La Cour de cassation a confirmé, ce 26 novembre, la condamnation de Nicolas Sarkozy à un an d’emprisonnement dont six mois ferme pour financement illégal de sa campagne présidentielle de 2012. Cette décision rend sa condamnation définitive. Il sera prochainement convoqué par le juge d’application des peines.
L’affaire Bygmalion avait mis en évidence un système de double facturation destiné à masquer le dépassement massif du plafond légal des dépenses de campagne : près de 43 millions d’euros dépensés au lieu des 22,5 millions autorisés, une partie ayant été illégalement imputée à l’UMP via de fausses conventions. Sarkozy a toujours nié toute responsabilité.

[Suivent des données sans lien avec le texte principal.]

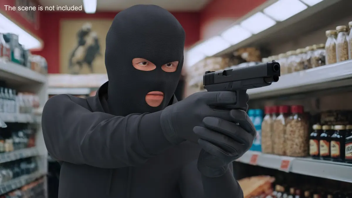 Thief Character Wearing Mask Rigged is a three-dimensional model of thief or criminal character with crowbar and gun, featuring a fully black outfit, a black mask, and a balaclava cap, embodying the archetypal look of a stealthy intruder.
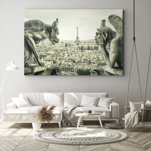 - Denna konstnärliga målning avbildar historiska gargoyler mot Paris stadssilhuett, med utsikt över Eiffeltornet. Det är den perfekta dekorationen för arkitektur- och historieentusiaster, och passar både moderna och klassiska interiörer.
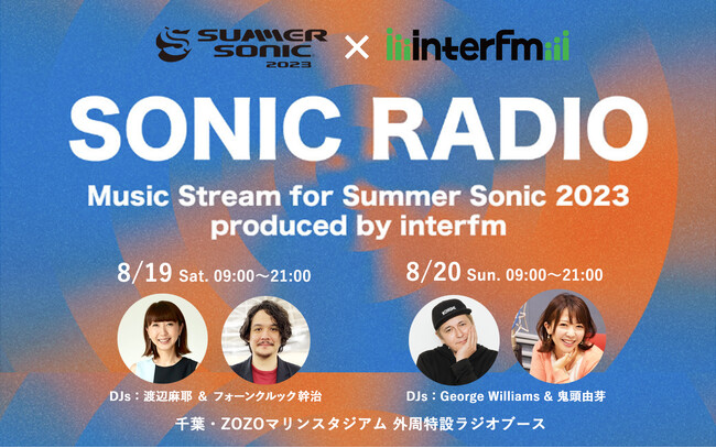 インターFM(東京:89.7MHz)は、SUMMER SONIC 2023の会場用特別企画として、2020年9月までインターFMで放送していた「SONIC RADIO」を限定復活させると共に、出演するアーティストゲストが決まりましたことをお知らせ致します。

Cette décision intervient dans un contexte judiciaire déjà très lourd pour l’ancien président :
- Il est placé sous contrôle judiciaire après près de trois semaines de détention liées à sa condamnation à cinq ans de prison, dont un ferme, pour association de malfaiteurs dans l’affaire du financement libyen présumé de sa campagne de 2007. Son procès en appel est prévu en 2026.
- Il a également été définitivement condamné à un an de prison ferme sous bracelet électronique dans l’affaire des écoutes (« Paul Bismuth »).
- Il est mis en examen depuis 2023 dans une autre branche de l’affaire libyenne, liée à une possible tentative de manipulation de témoignage.
- Une enquête préliminaire est en cours sur ses activités de conseil en Russie pour possible trafic d’influence.
Âgé de 70 ans, Nicolas Sarkozy continue de contester l’ensemble des accusations.